2021-11-23 04:27:36
And I just point out to those who only want to follow what the Jews accept that the Deuterocanonical Apocryphal Books i.e. those that date before our Lord and Savior Yehoshua-Jesus were also written by Jews who had Faith.
So it is Jews who reject Jewish writings, so which Jews to believe?
This doctrine of a closed canon actually comes from the adversary and not from Elohim because it has led to the rejection of certain Books which are indeed of Divine inspiration.
History teaches us that the appropriateness of a closed list does not question the Christians until the very end of the 4th century.
Imagine, 400 years after our Lord and Savior Yehoshua-Jesus and the Apostles and knowing that in those days, this idea only really interests Westerners.
The canon of the Holy Torah and the Prophets evolves in parallel in the Latin Churches as well as in the Greek Churches.
Until the fourth century, we speak of an open canon and later of a closed canon.
Concerning the New Testament writings, depending on whether they come from the East or the West, the lists of books retained are not the same.
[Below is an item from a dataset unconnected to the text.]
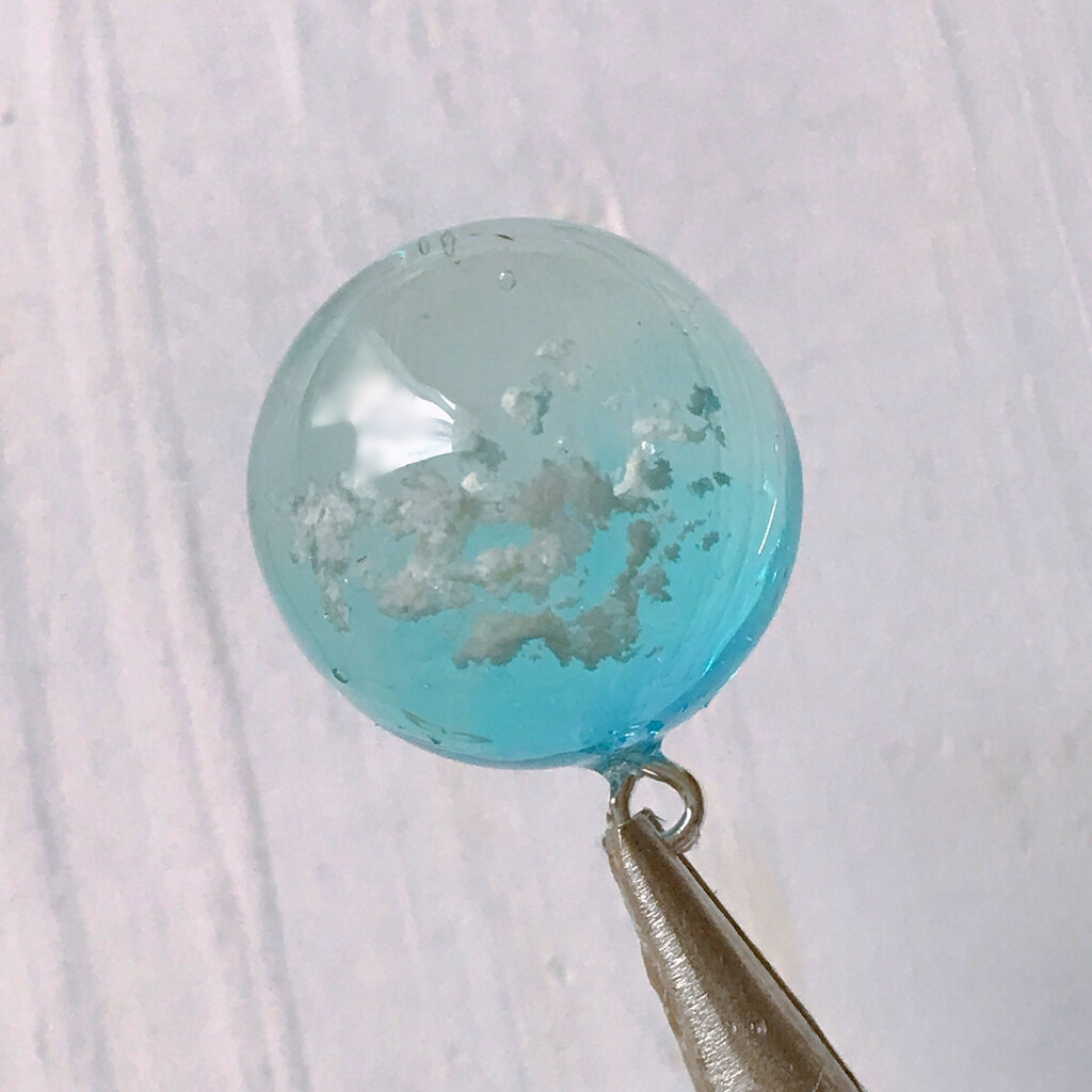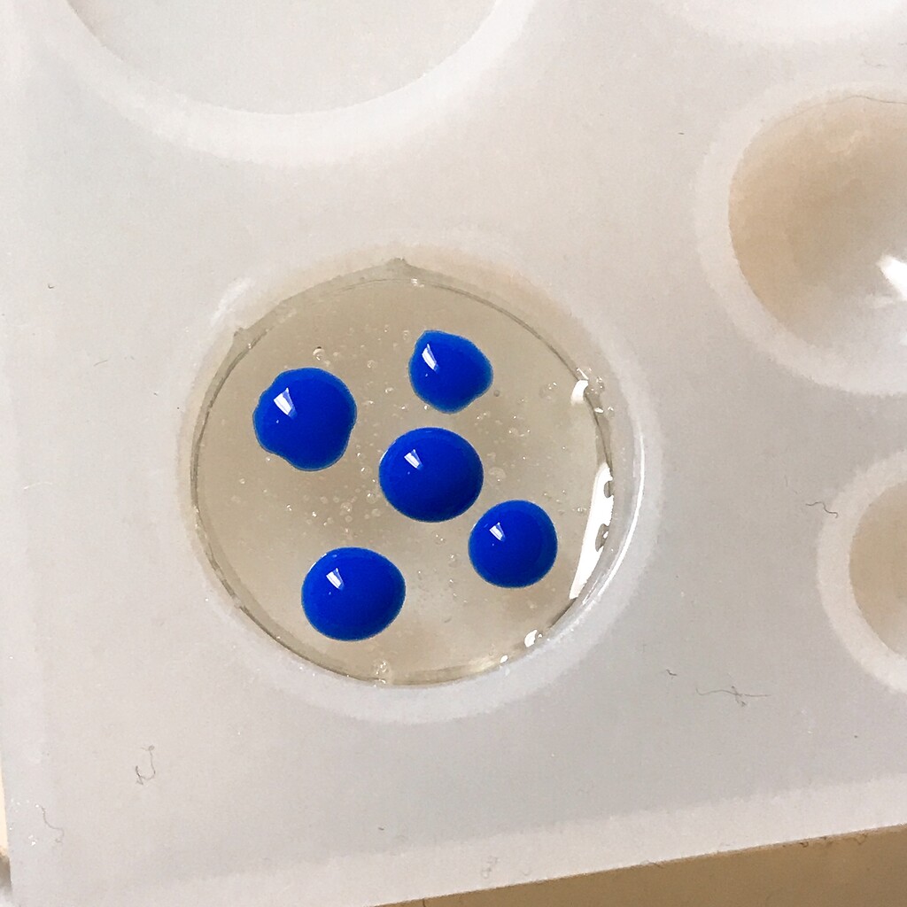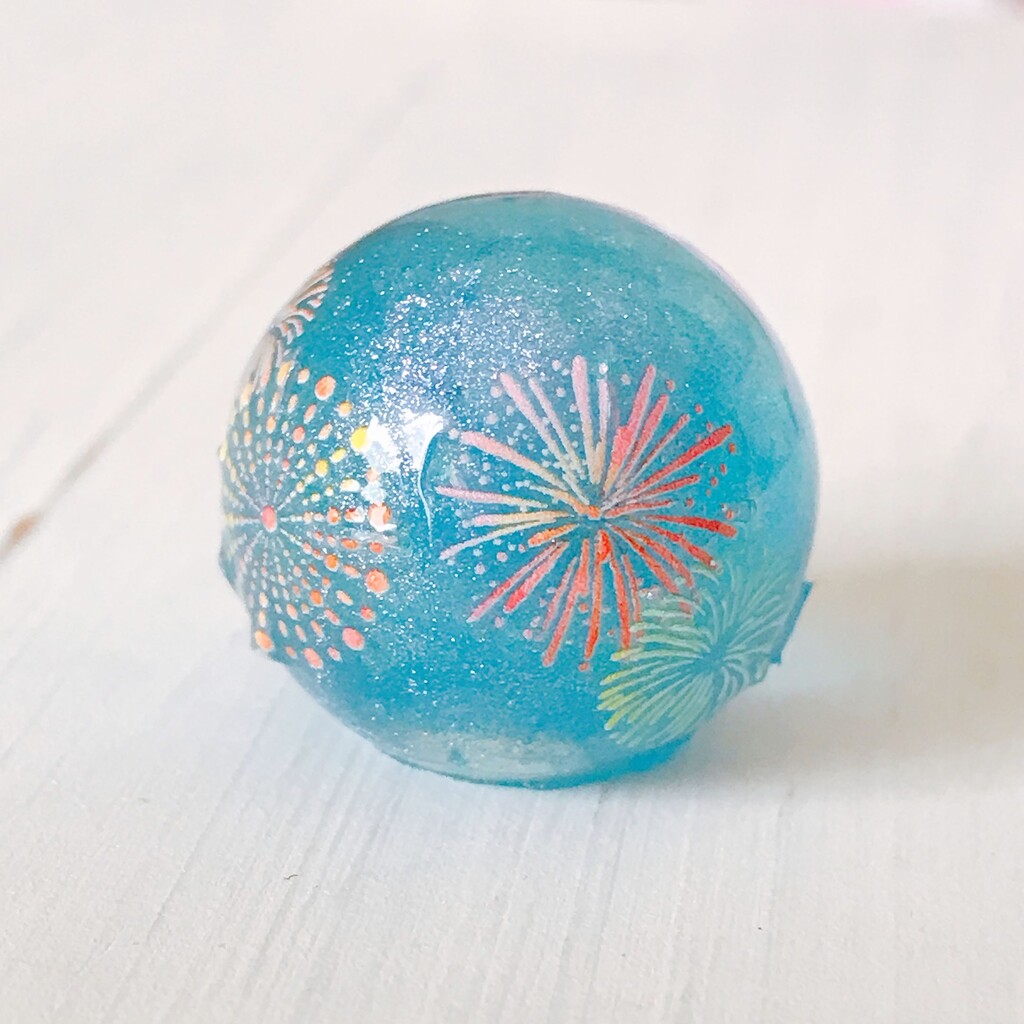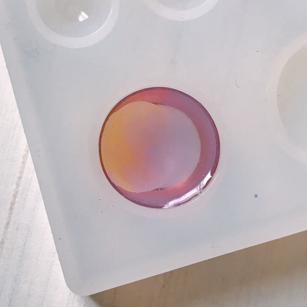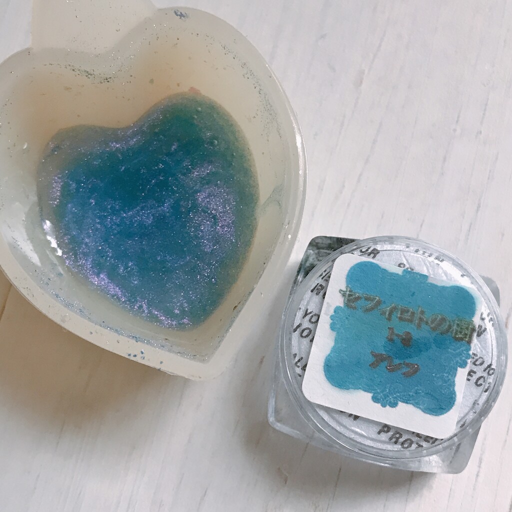 今日の鉱石は、先日やったクラゲ模様を応用して作っていこうと思います。 ↑このクラゲ。まず、モールドにレジンを入れます。半分くらい。硬化します。固めてる間に、絵の具の準備。アクリル絵の具を水で薄めました。これを硬化したレジンの上から落としていきます。ポタポタ ...

In addition to the reluctance to accept the plural reception of a tetramorphic testimony (Irenaeus' neologism), certain books received in the West were repudiated in the East and vice versa. For a long time, the Eastern Churches worked with a canon of 22 books, while the Western Churches held to a canon of 27 books.
The books always retained are :
The 4 Gospels
The Acts of the Apostles
The first epistle of John
As for the epistles of Paul, the lists vary.
Marcion knew 10, other lists give 13,
or even 14.
Some lists were built around the symbolism of the number 7 at the cost of acrobatics: the double letters count as one.
The following books were always delayed:
Jude
2 and 3 John
James
2 Peter
Some texts are systematically ignored in the West which are appreciated in the East and vice versa:
The Epistle to the Hebrews, received in the East.
The Apocalypse (Revelation) of John, received in the West, rejected in the East.
Questioned by Athanasius of Alexandria, it was integrated into the canon in the 4th century.
The Epistle to Philemon is ignored by the Syriac Church, which does, however, have a third epistle to the Corinthians.
In the Latin Churches the canon closes at 27 books by authority of the Church. As a result, it closes earlier than in the East at the regional synods of Carthage in 397 and 419.
Until the last years of the 4th century, it excludes the epistle to the Hebrews.
In the Greek churches, it is the use of the books in the communities that determines the canon.
The canon starts with 22 books, without the epistle to the Hebrews, without the letters of James, nor 2 Peter, nor 3 John, nor Jude.
In the middle of the third century, the work of Cyprian of Carthage does not quote any of these five books, nor the letter to Philemon, nor Revelation.
The school of Antioch, with John Chrysostom (347-407), Theodore of Mopsueste (393-466) sticks to a canon of 22 books without Apocalypse. The Council of Trullo (692) did not settle anything.
The canonicity of the Apocalypse was still discussed in the 5th and 6th centuries. It was Pope Gregory the Great who affirmed, with all his authority, the canonicity of this book, in 419, in contradiction with the Eastern opinions, and notably those of the Christian theological school of Alexandria.
Luther decided to declare the Epistles of James, Jude and Revelation uninspired, although he considered them useful.
In fact, Luther wanted to extract the letter of James from the New Testament, because in this letter it is written: "By works a man is justified, not by faith alone" (James 2:24).
Now, did not Luther lay down as the foundation of the nascent Protestant faith, the famous cry of the reformation Sola Fide, that is, that only faith justifies and not works.
The Letter of James was so contradictory to Luther's thinking that he decided to remove it from the Protestant canon rather than revise his position.